:: WHAT YOU ARE ASKED TO DO ::
Please restate each line of the data below exactly. Omit all images.

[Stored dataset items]

▬▬▬

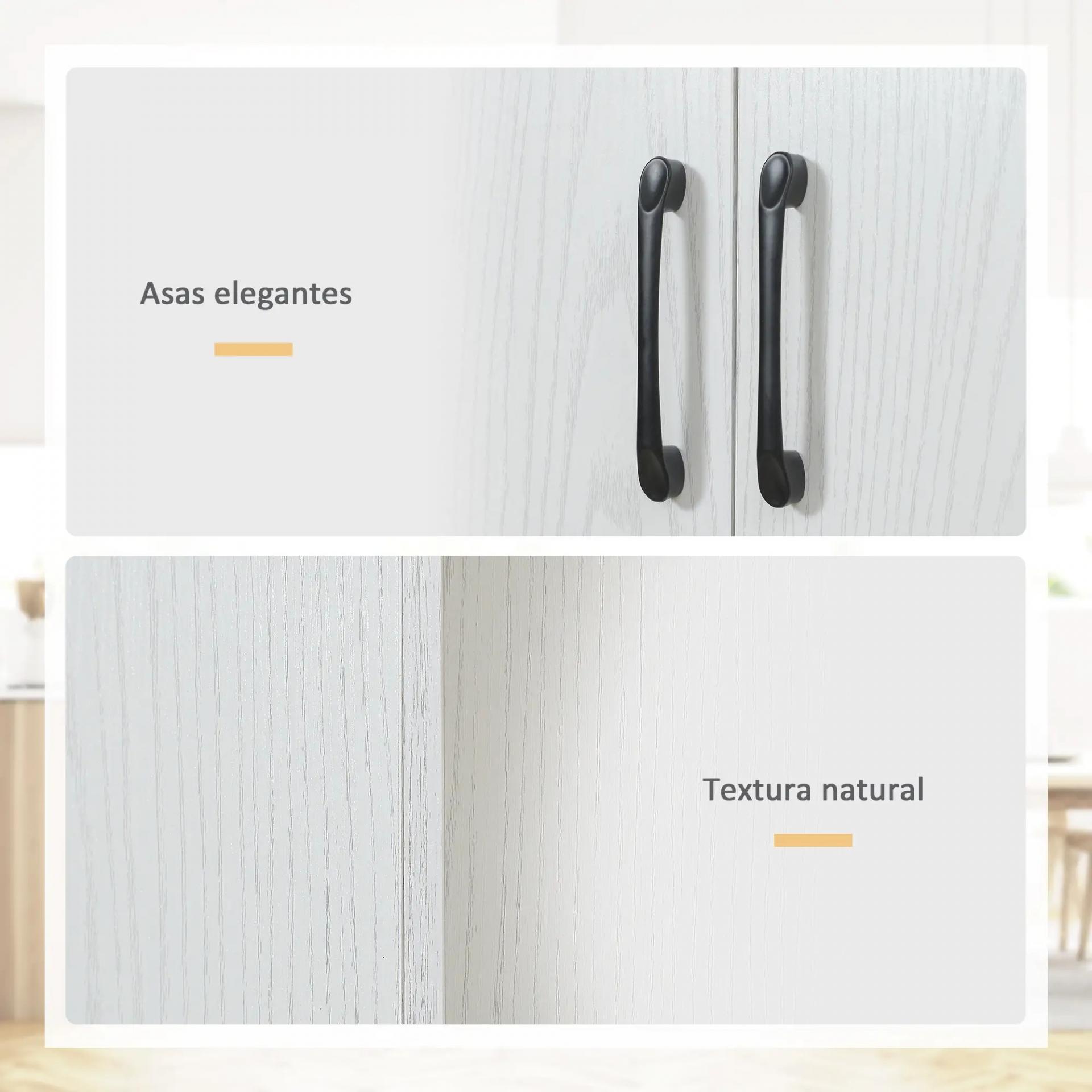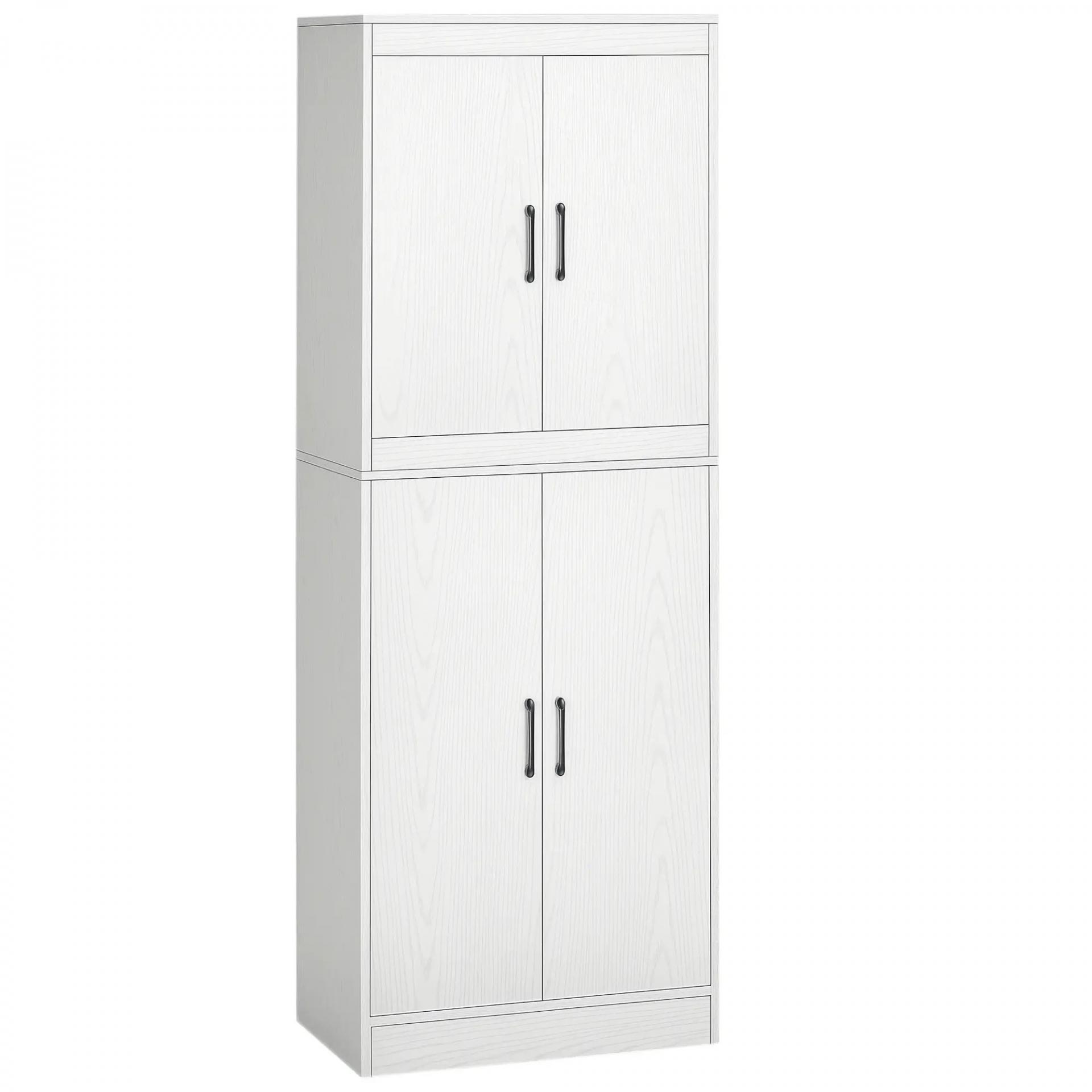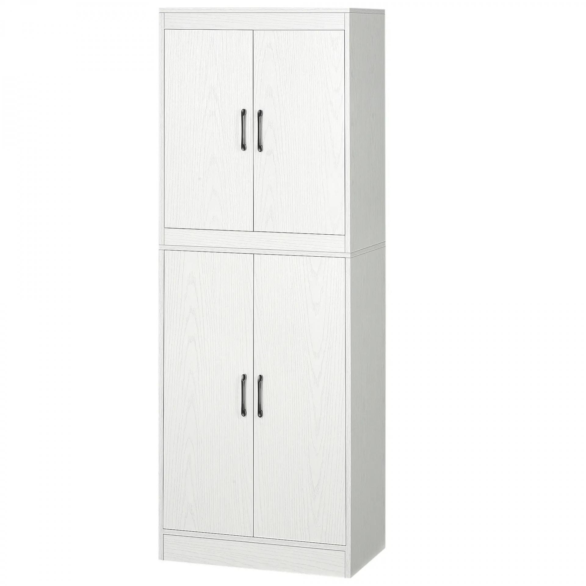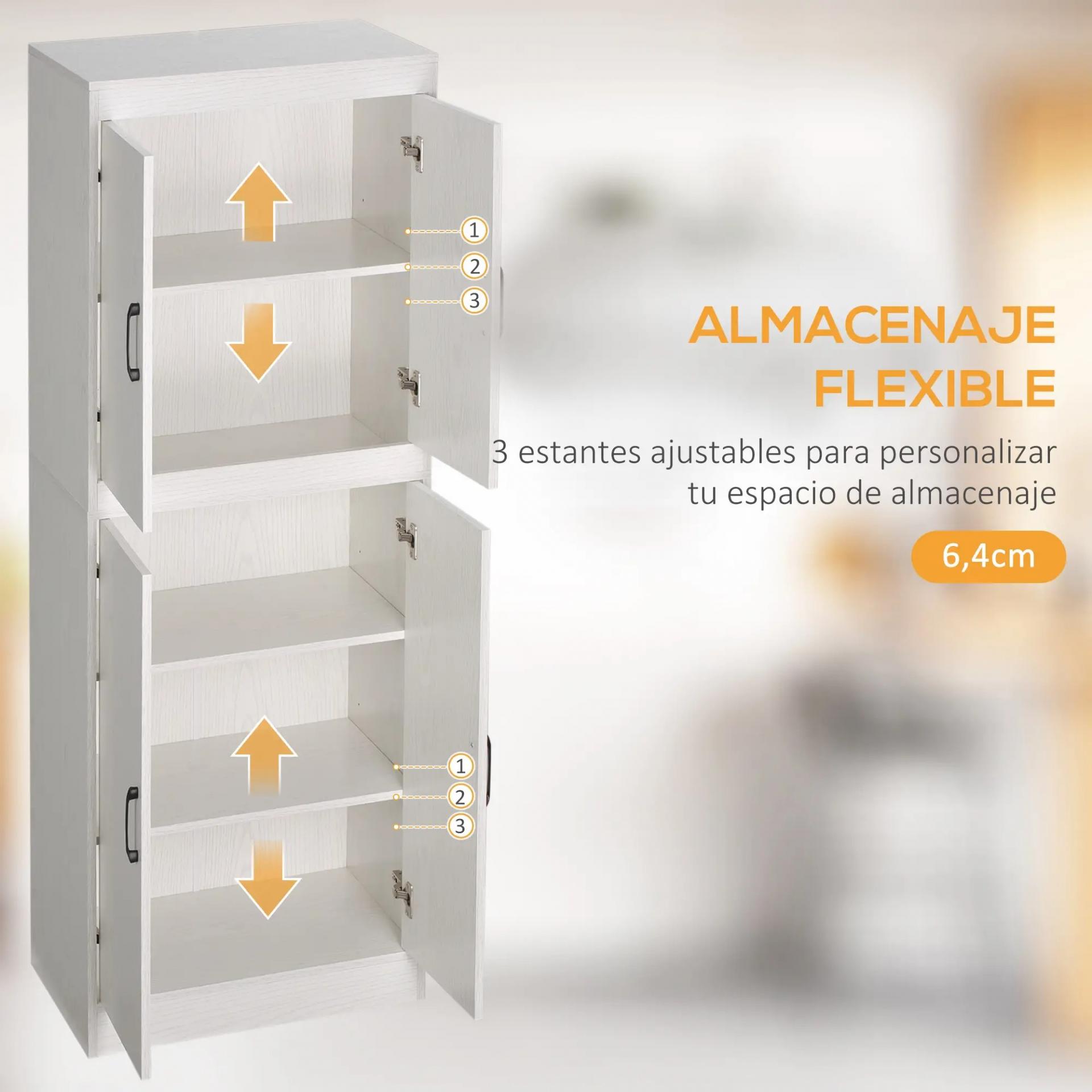 MUEBLE MODERNO Y ESPACIOSO: No te abrumes por falta de espacio. Este mueble despensa de HOMCOM con cuatro puertas te proporcionará todo el espacio de almacenamiento adicional que necesitas para ese nuevo juego de ollas y sartenes que has estado mirando, platos y más. Gracias a su diseño moderno y su color blanco, este mueble combinará fácilmente con la decoración de tu hogar
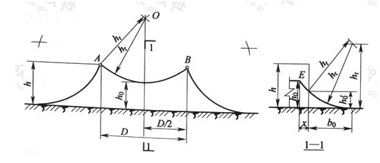 7)接閃線兩端的保護范圍按兩支高度hr的接閃桿確定,但在中線上h0線的內移位置按以下方法確定(圖D.0.6-2的1-1剖面):以兩支高度hr的接閃桿所確定的保護范圍中點最低點的高度
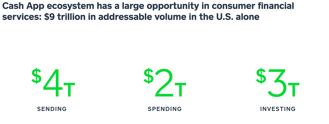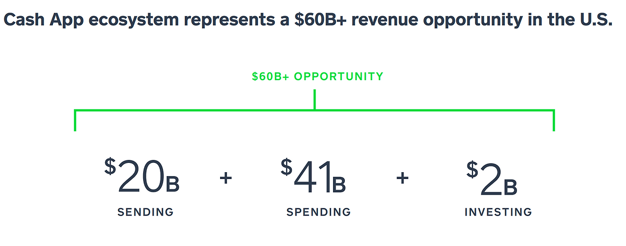 앞서 살펴본 셀러 부문만큼이나 캐시 앱 부문도 잠재적인 시장이 매우 큽니다. 스퀘어는 9조 달러(한화 9900조 원) 규모의 이체/결제/투자 관련 시장에서 600억 달러(한화 66조 원)의 수익 기회가 있다고 봅니다. 스퀘어는 이런 거대한 시장에서 겨우 2% 이하의 점유율을 가지고 있기 때문에 성장 여력이 크다고 말합니다.
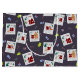 Giftpåse med ett tryckt dokument som har olika foton med Jultomten ge presenter gör olika djur - björn, räv, kanin, fågel.
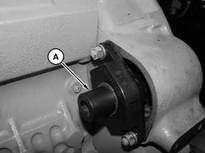 將工具(A)安裝在發(fā)動機(jī)飛輪殼上。使用工具(A)旋轉(zhuǎn)發(fā)動機(jī)。參考圖1。
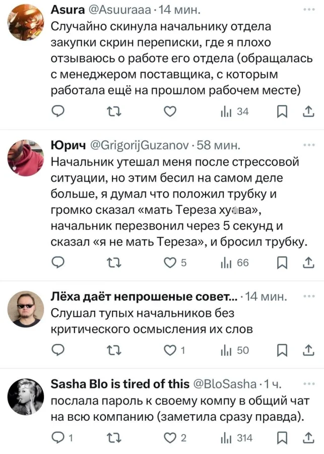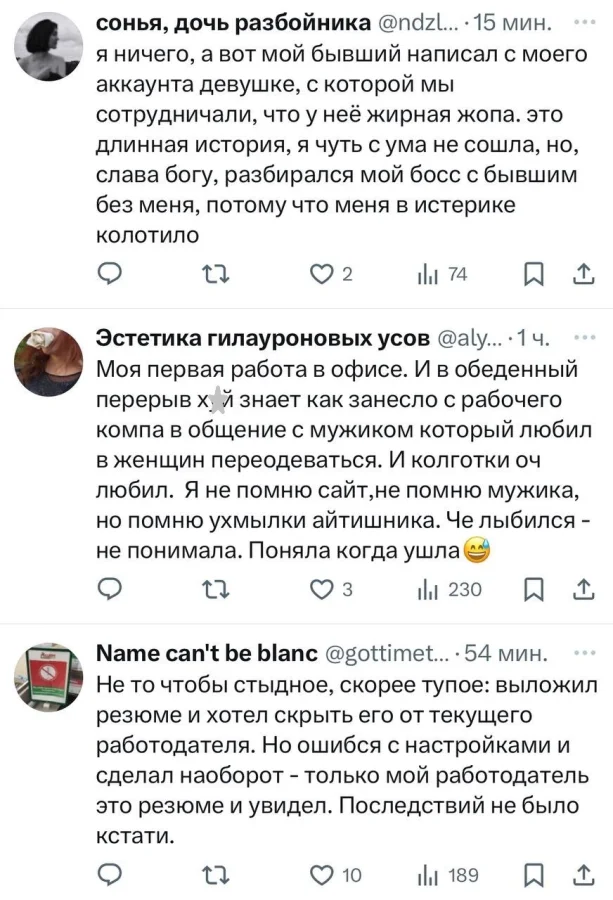 В бывшем Твиттере пользователи решили поделиться своими самыми неловкими и забавными провалами на работе.
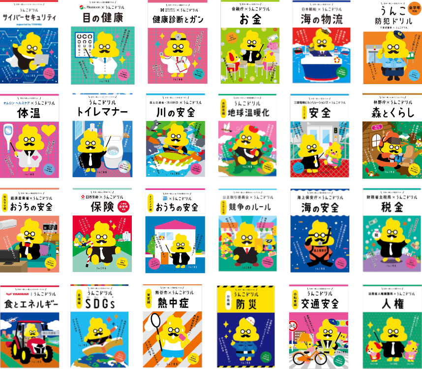 「うんこ啓発ドリル」は、冊子をはじめアプリ、動画といったコンテンツで、官公庁をはじめさまざまな企業などとコラボレーションし、防犯や防災、交通安全といった命にかかわるテーマから、お金や税金、SDGsといったより豊かに生きていく知恵までが学習できます。「うんこ啓発ドリル」はプロジェクト開始から2年で累計500万部を突破。今後も様々なコラボレーションが予定されています。
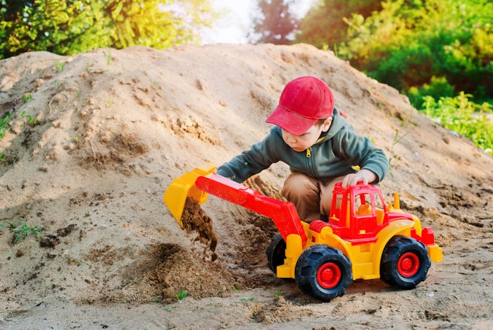 Clinical psychologist, teacher, mom, and author Dr. Carla Marie Manly tells Romper in an email interview that kids love heavy equipment for a variety of reasons, but the highlights include the fact that they’re loud, they love giant-sized things, and they love that they can hold and “own” mini-sized versions of these larger-than-life objects.
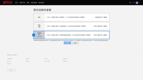 Netflix 实施订阅制,套餐有三种,美元售价分别为 7.99,11.99, 15.99 美元。分别支持最多一台设备/两台设备/四台设备同时在线,同时分别提供普通分辨率/高清/超高清分辨率。(这里说的是美区图片是日区) PS:付费方式只支持外币信用卡/paypal 如果是新账户,绑定支付方式后,第一个月可以免费使用,之后会按月扣款。
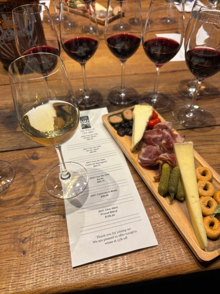 Mikko clearly favoured the fourth tasting – Fam de Vida Syrah 2022 ($88.70). This wine is aged in French oak for 14 months. He recommends tasting the difference after ten hours and then again the next day. I’m an impatient drinker, so this bottle was a no-go for me to purchase.
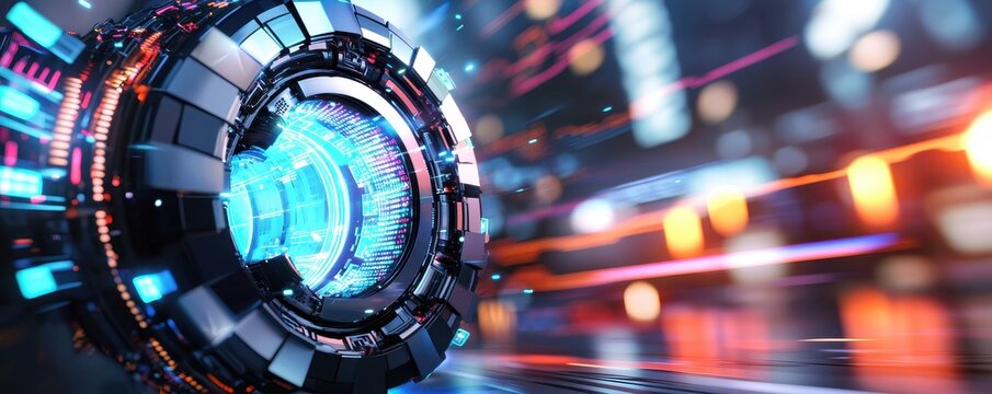 Abstract Digital Interface With Vibrant Circular Graphics Images
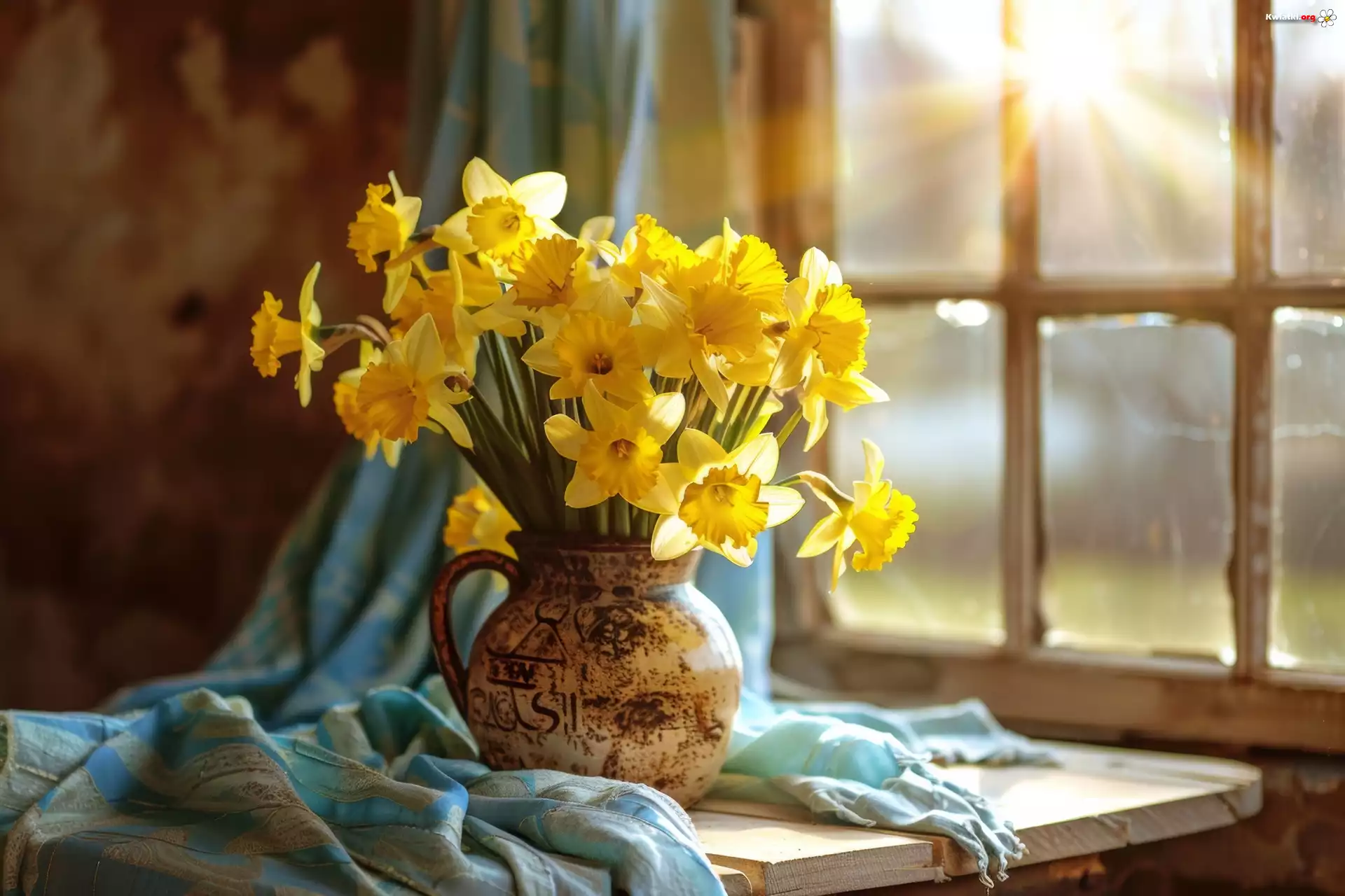Kwiaty, Narcyzy żonkile, Żółte, Bukiet, Dzbanek, Stół, Okno - Zdjęcia
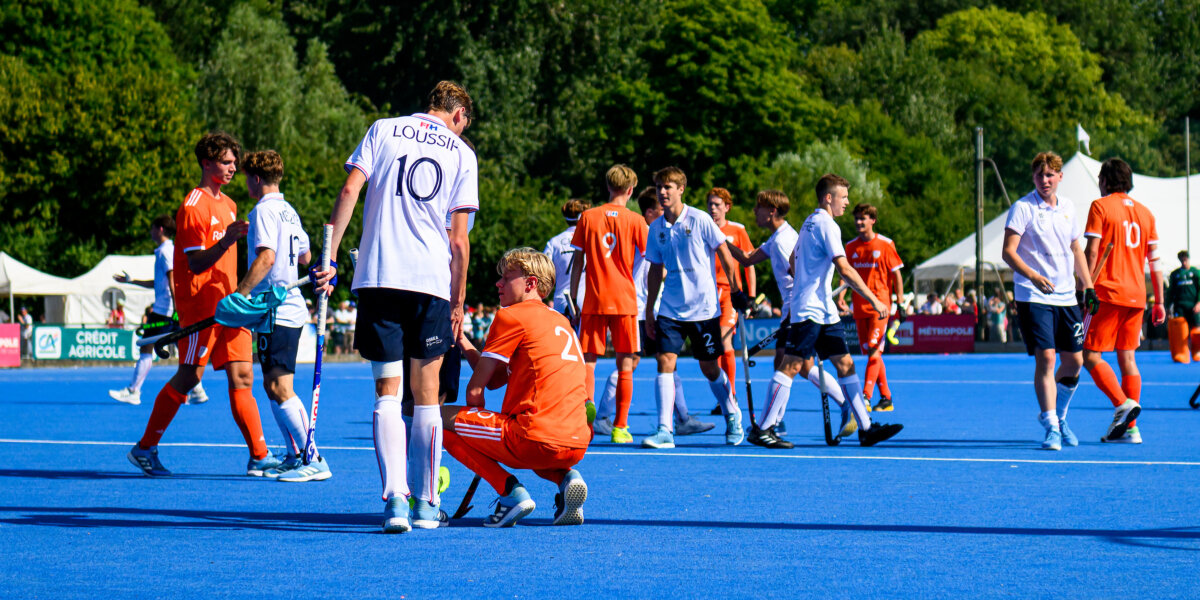 Het was uiteindelijk Frankrijk dat de score opende. Paul Barbier pushte de tweede Franse corner raak, al leek die kans eerst verloren te gaan na een stopfout. De mislukte variant belandde via Barbier precies tussen Ausema en lijnstopper Tom Hermus in: 0-1.
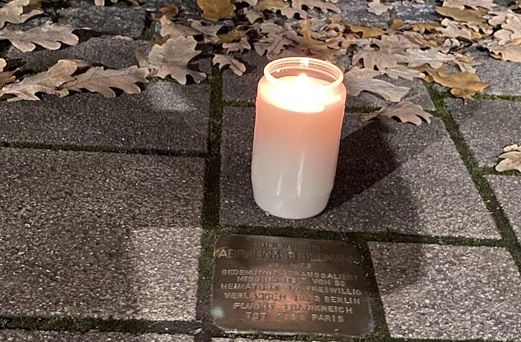 Für Franziska Bartl sind die von wem auch immer aufgestellten Kerzen eine "sehr schöne Bestätigung" der Arbeit des Arbeitskreises. "Wir wollen ja erreichen, dass die Erinnerung von möglichst vielen Menschen wachgehalten wird." Umso erfreulicher seien solche Eigeninitiativen - zumal sie in einem Jahr passiert sind, in dem vieles anders ist. Wegen der Corona-Pandemie konnte der traditionelle Rundgang des Arbeitskreises am 9. November nicht stattfinden. Normalerweise werden bei diesem Rundgang am Jahrestag der Pogromnacht mehrere "Stolpersteine" angelaufen. Dort wird an die jeweiligen Opfer gedacht sowie eine weiße Rose niedergelegt und eine Kerze aufgestellt. "Die Teilnehmerzahl ist von Jahr zu Jahr größer geworden", erinnert sich Franziska Bartl. Aber dann kam Corona - einen Rundgang gab es heuer nur virtuell (abrufbar auf der Internetseite des Evangelischen Bildungswerks www.ebw-coburg.de).

▬▬▬

:: WRITTEN REPLY ::
 MUEBLE MODERNO Y ESPACIOSO: No te abrumes por falta de espacio. Este mueble despensa de HOMCOM con cuatro puertas te proporcionará todo el espacio de almacenamiento adicional que necesitas para ese nuevo juego de ollas y sartenes que has estado mirando, platos y más. Gracias a su diseño moderno y su color blanco, este mueble combinará fácilmente con la decoración de tu hogar
 7)接閃線兩端的保護范圍按兩支高度hr的接閃桿確定,但在中線上h0線的內移位置按以下方法確定(圖D.0.6-2的1-1剖面):以兩支高度hr的接閃桿所確定的保護范圍中點最低點的高度
 앞서 살펴본 셀러 부문만큼이나 캐시 앱 부문도 잠재적인 시장이 매우 큽니다. 스퀘어는 9조 달러(한화 9900조 원) 규모의 이체/결제/투자 관련 시장에서 600억 달러(한화 66조 원)의 수익 기회가 있다고 봅니다. 스퀘어는 이런 거대한 시장에서 겨우 2% 이하의 점유율을 가지고 있기 때문에 성장 여력이 크다고 말합니다.
 Giftpåse med ett tryckt dokument som har olika foton med Jultomten ge presenter gör olika djur - björn, räv, kanin, fågel.
 將工具(A)安裝在發(fā)動機(jī)飛輪殼上。使用工具(A)旋轉(zhuǎn)發(fā)動機(jī)。參考圖1。
 В бывшем Твиттере пользователи решили поделиться своими самыми неловкими и забавными провалами на работе.
 「うんこ啓発ドリル」は、冊子をはじめアプリ、動画といったコンテンツで、官公庁をはじめさまざまな企業などとコラボレーションし、防犯や防災、交通安全といった命にかかわるテーマから、お金や税金、SDGsといったより豊かに生きていく知恵までが学習できます。「うんこ啓発ドリル」はプロジェクト開始から2年で累計500万部を突破。今後も様々なコラボレーションが予定されています。
 Clinical psychologist, teacher, mom, and author Dr. Carla Marie Manly tells Romper in an email interview that kids love heavy equipment for a variety of reasons, but the highlights include the fact that they’re loud, they love giant-sized things, and they love that they can hold and “own” mini-sized versions of these larger-than-life objects.
 Netflix 实施订阅制,套餐有三种,美元售价分别为 7.99,11.99, 15.99 美元。分别支持最多一台设备/两台设备/四台设备同时在线,同时分别提供普通分辨率/高清/超高清分辨率。(这里说的是美区图片是日区) PS:付费方式只支持外币信用卡/paypal 如果是新账户,绑定支付方式后,第一个月可以免费使用,之后会按月扣款。
 Mikko clearly favoured the fourth tasting – Fam de Vida Syrah 2022 ($88.70). This wine is aged in French oak for 14 months. He recommends tasting the difference after ten hours and then again the next day. I’m an impatient drinker, so this bottle was a no-go for me to purchase.
 Abstract Digital Interface With Vibrant Circular Graphics Images
Kwiaty, Narcyzy żonkile, Żółte, Bukiet, Dzbanek, Stół, Okno - Zdjęcia
 Het was uiteindelijk Frankrijk dat de score opende. Paul Barbier pushte de tweede Franse corner raak, al leek die kans eerst verloren te gaan na een stopfout. De mislukte variant belandde via Barbier precies tussen Ausema en lijnstopper Tom Hermus in: 0-1.
 Für Franziska Bartl sind die von wem auch immer aufgestellten Kerzen eine "sehr schöne Bestätigung" der Arbeit des Arbeitskreises. "Wir wollen ja erreichen, dass die Erinnerung von möglichst vielen Menschen wachgehalten wird." Umso erfreulicher seien solche Eigeninitiativen - zumal sie in einem Jahr passiert sind, in dem vieles anders ist. Wegen der Corona-Pandemie konnte der traditionelle Rundgang des Arbeitskreises am 9. November nicht stattfinden. Normalerweise werden bei diesem Rundgang am Jahrestag der Pogromnacht mehrere "Stolpersteine" angelaufen. Dort wird an die jeweiligen Opfer gedacht sowie eine weiße Rose niedergelegt und eine Kerze aufgestellt. "Die Teilnehmerzahl ist von Jahr zu Jahr größer geworden", erinnert sich Franziska Bartl. Aber dann kam Corona - einen Rundgang gab es heuer nur virtuell (abrufbar auf der Internetseite des Evangelischen Bildungswerks www.ebw-coburg.de).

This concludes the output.